L’explosion des nouveaux médias et de la neuroscience dans le champ social a favorisé ces dernières années l’essor de démarches artistiques interrogeant très directement en quoi notre perception est profondément influencée par des prédispositions inconscientes et comment l’étude de ses mécanismes permet de mieux penser notre relation au monde. En tant que peintre, Nathalie Regard a fait évoluer sa pratique du champ de la représentation vers une approche de plus en plus sédimentée de l’image transformée en code. Sa réflexion phénoménologique s’est toujours accompagnée d’un travail parallèle d’observation et de transcription de ses rêves. La présente exposition retrace un cheminement allant de ses premiers journaux de rêves, réalisés entre 1996 et 2008, à ses recherches neurophysiologiques initiées en 2011.
L’exercice quotidien de transcription des rêves a exercé Nathalie Regard à se les remémorer de manière toujours plus précise. La particularité du rêve est de créer une réalité à laquelle on assiste du dehors bien qu’elle émane de soi. Nathalie Regard infiltre cet écart par une exploration physiologique de l’activité du rêve. Une branche des sciences cognitives qualifiée en anglais de "situated cognition" ou "embodied cognition" défend l’idée que l’on ne peut comprendre le cerveau sans l’inscrire dans un corps, une situation donnée. « Le cerveau existe dans un corps, le corps existe dans le monde et l’organisme bouge, agit, se reproduit, rêve, imagine. Et c’est de cette activité permanente qu’émerge le sens de son monde et des choses » explique le neurobiologiste Francisco Varela.

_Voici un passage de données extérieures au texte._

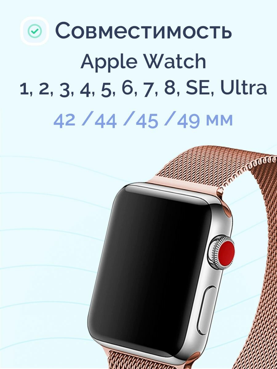 | Совместимость | Apple Watch 44 мм / Apple Watch 45 мм / Apple Watch SE 44 мм / Apple Watch Series 1 42/44/45/49 mm / Apple Watch Series 2 42/44/45/49 mm / Apple Watch Series 3 42/44/45/49 mm |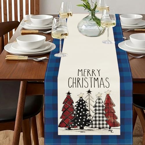 【クリスマステーマの伝統的デザイン】 赤、黒、青、緑のクラシックカラーリングに、クリスマスツリー柄が施され、本格的なクリスマス雰囲気を演出します。両端の格子柄がアメリカンスタイルの風合いを強調し、テーブルを華やかに彩ります。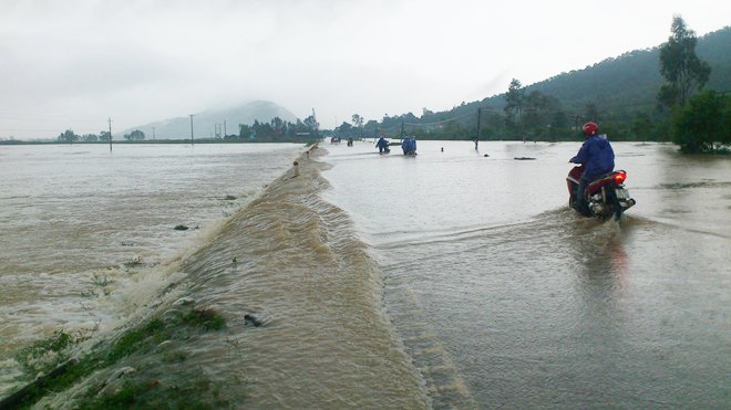 | Rạng sáng nay 1/10, hai hồ đập lớn nhất huyện Tĩnh Gia (Thanh Hóa) là hồ Đồng Đáng (xã Trường Lâm) và Khe Luồng (xã Tân Trường) có dung tích chứa hơn 600.000 m3 nước đã bị vỡ. Kết hợp với việc xả lũ ở hồ Kim Giao khiến hàng trăm hộ dân vùng hạ du bị nước lũ nhấn chìm, quốc lộ 1A đang bị ngập lụt, hình thành xoáy nước sâu hơn 1m. |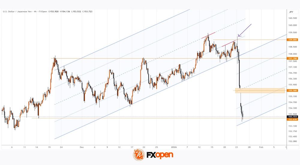 As the USD/JPY chart shows, the exchange rate fell sharply, reaching its lowest level since early November 2025.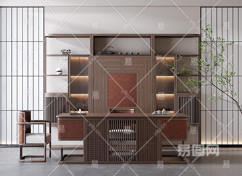 新中式书房3D模型下载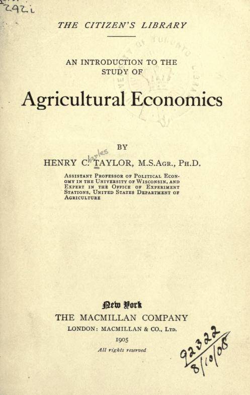 泰勒编写的这本《农业经济学研究导论》,取材广泛、论证翔实、通俗易懂,内容涵盖农业生产、经营、交易、分配等多个环节,涉及要素配置、农场管理、规模经营、财富分配、价值评估、土地经济、农产品贸易等众多主题,在学界开创了一个崭新而重要的学术领域。该教材一经发行,便引起了学术界的广泛关注,一时洛阳纸贵,于1909—1914年间重印四次。
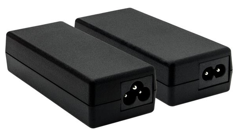 Levereras med 1,2m lång anslutningskabel som har C6-kontakt mot nätadaptern och DC-kontakt med anslutning mot 2,1mm centrumstift (5,5mm ytterdiameter).
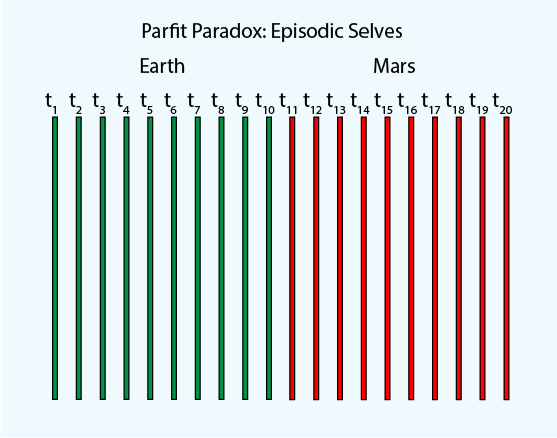 A thought experiment by Derek Parfit, here’s the setup: ostensibly, a human is cloned, but they aren’t so much cloned as teleported to Mars, à la Star Trek – there, not here, particle by particle.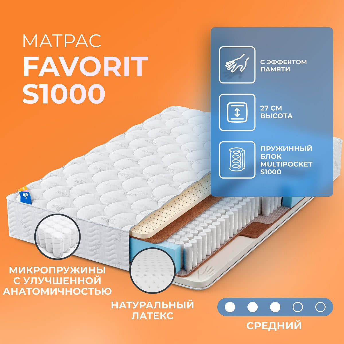 Матрас «Орматек Favorit S1000» — средней жесткости, которая подходит большинству людей среднего телосложения. Это — оптимальный вариант и детям, и взрослым, и пожилым людям.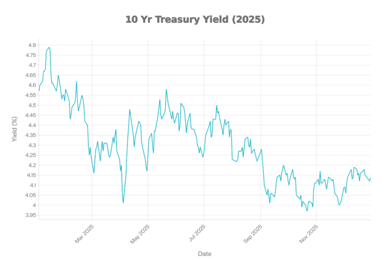 The 10-year Treasury yield chart shows a choppy year, with a mid-year rise and a rebound into year-end. Yields begin around the mid 4% range, decline into spring, and then climb again into early mid-summer. A sharp drop occurs around early fall, after which yields stabilize and partially recover. The year ends around the low 4% range, below the early year highs.

Avec la collaboration des chercheurs Roberto Toro, neuroscientifique (Institut Pasteur) et Reyes Haro Valencia, neurologue (Clinique du Sommeil, UNAM, Mexique), Nathalie Regard a développé un protocole expérimental de surveillance du sommeil. Intégrer son corps dans ce contexte d’étude lui a permis de reconstruire le milieu d’émergence du rêve, tissé sur les échanges permanents entre le dedans et le dehors, la perception interne et l’environnement. Pendant 80 nuits, ses rêves ont été enregistrés électriquement (méthode EEG) et stimulés de manière auditive, attestant, par moments, leur influence dans le récit de ses rêves. Ces correspondances entre l’activité cérébrale et l’expérience subjective du rêve ont été reportées sous la forme tangible de bas reliefs réalisés à partir de données encéphalographiques en 3D. On pourrait voir ces paysages abstraits comme des trophées balisant une quête impossible, les témoignages de connexions fragiles localisées entre l’état de sommeil et de veille, la possibilité tout juste entrevue d’interagir avec une mémoire corporelle ouvrant sur une conscience élargie de notre présence au monde.